Солдаты задумались — каждый о своем.

Костер в яме догорал, стреляя малиновыми углями. Посинела и обозначилась глубже песчаная нора под кустами. С реки неуловимо надвигалась свежесть. Все стало слышнее — и глухой кашель Оси Бешеного, должно быть собиравшегося домой и гремевшего ведром, и кряканье селезня в заводине, и скрип уключин у того берега, и слабый стук колес на далеком железнодорожном мосту. Кислее запахли тусклые головешки и темные, свернутые трубочками листья ивняка, не успевшие сгореть. А сверху начало опускаться в яму зеленоватое небо, и там, на белом, как кипень, облаке, кто?то тоже принялся разводить костер. Кружевной край облака порозовел, задымился, червонный огонь перебросился выше, и все облако медленно загорелось тихим, ровным вечерним пламенем.

Совсем близко, кустами прошел Ося Бешеный, не заметив ребят в яме. Остановился у заводины и негромко, завистливо сказал:

— Хороша уха — из петуха… Э — эх, ружья на вас нет, мытари!

Он хлопнул ладонями, точно выстрелил. Над водой затрещали, засвистели крыльями утки. Ося Бешеный крякнул, как селезень, и пошел дальше.

Шурка и Яшка с удивлением поглядели ему вслед. С тех пор как Катькин отец спятил с ума, он никогда еще не говорил так понятно и дельно.

— Видать, стал выздоравливать. Надо обрадовать Растрепу, — пробормотал Яшка.

Давно пора было и им отправляться восвояси. Мужичьи заботы настойчиво толкали в бок, но вставать не хотелось.

Шурка смотрел, как горит костром над головой закат, разбрасывая по зеленому, нависшему над ямой небу красные искры звезд. Одна такая искорка то ли упала, то ли отразилась в темной реке и проглянула сквозь кусты малиновым угольком. «Все?таки втроем на войне сподручнее», — упрямо думал Шурка.

Глава IX

ХОЗЯИНА МУЧАЕТ СОВЕСТЬ

Он прутом приподнял щеколду, торопливо толкнул калитку во двор. Корова пыхнула ему навстречу из загородки теплым сонным дыханием. Зашевелилась телушка на свежей подстилке в своем углу. С нашеста слетел петух, должно быть спутав вечер с утром, бросился под ноги. Склонив набок рваный гребень, петух просительно глядел на хозяина то одним, то другим круглым янтарным глазом.
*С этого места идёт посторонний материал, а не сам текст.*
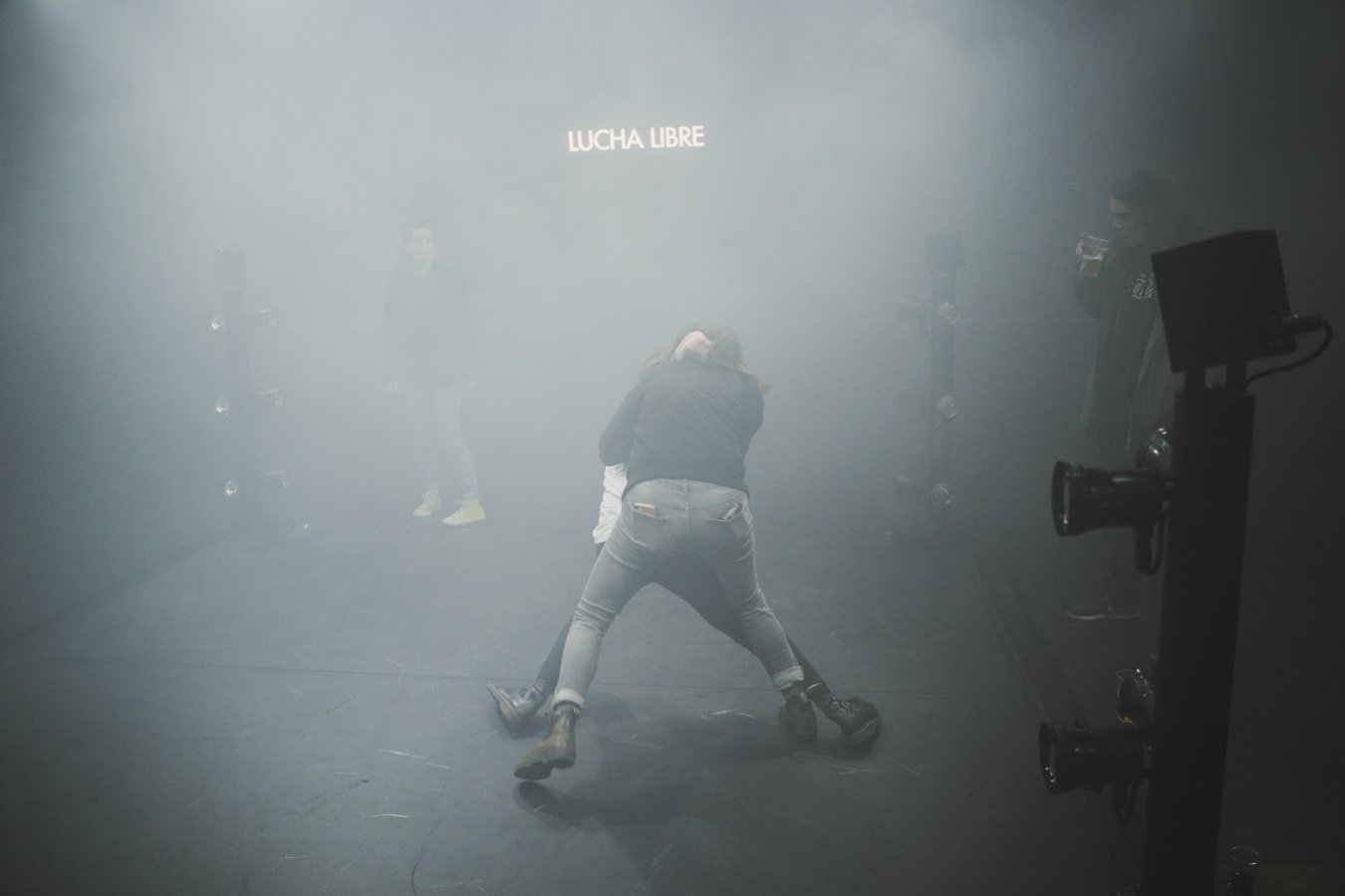 C’est cette atmosphère survoltée que réussit à traduire Méryll Ampe dans son installation Lucha Libre. Travaillant à partir de field recordings, l’artiste a enregistré in situ les sons de différents combats afin de les compiler dans une composition immersive. Deux cercles d’enceintes matérialisent l’espace du ring et celui de l’arène, créant une fascinante dynamique sonore. Cette matière est associée à une architecture de lumière qui reproduit la forme d’un ring, conçue avec l’artiste Jimmy Boury. Totalement immergé dans un espace sonore et physique, l’auditeur est amené à ressentir toute l’énergie et l’intensité d’un match. Une expérience sensorielle saisissante.

— Поди ты от меня… обжора, — шепотом сказал Шурка.

В слабом сумеречном свете он заметил на рундуке охапку припасенных на завтра дров и знакомую круглую старую корзину с картофелем. В два прыжка он очутился около корзинки, крупная бело — розовая картошка была очищена и помыта. В смутном волнении Шурка сунулся в сени, ощупью добрался до ушата. Он молил бога, чтобы ушат оказался пустым. Но грешная рука его окунулась в воду. Он вытер руку подолом рубашки и запнулся босой ногой о ведра. Они не зазвенели, не сдвинулись с места, тяжелые, холодные.
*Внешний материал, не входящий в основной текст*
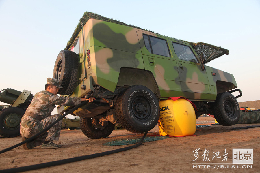 In this autumn, a field artillery brigade of the 27th Group Army of the PLA maneuvers from northwest China to the beach of the Bohai Sea to conduct a live-fire drill and successfully hit a dozen of mobile targets on the sea. (BJ.81.cn/Chang Tianlong)
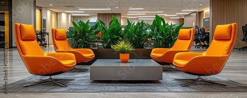Modern Office Lounge Interior with Orange Chairs and Green Plants

«Вот как! И ушат полон, и оба ведра…». Совесть грызла хозяину сердце.

Он побрел в избу, и кринка с парным молоком, стоявшая на столе, рядом с куском хлеба и чайной чашкой, доконала его окончательно. Шурка не дотронулся до молока и хлеба, согнал со стола тараканов и опустился на лавку — в картузе, с башмаками, подвешенными к школьной сумке.

В избе было темно и тихо. Синели окошки грустным вечерним светом. На полу белели полосатые чистые дерюжки. Даже в кухне, у порога, лежала рогожа. А он и не заметил, разиня, ног не вытер.

Хорошо пахло дресвой, хлебом, парным молоком. Со стены укоряюще выговаривали ходики:

— Ты так?.. Ты та — ак?.. Ты та — а–ак?1

С горящими щеками, раскаиваясь, Шурка заглянул в спальню.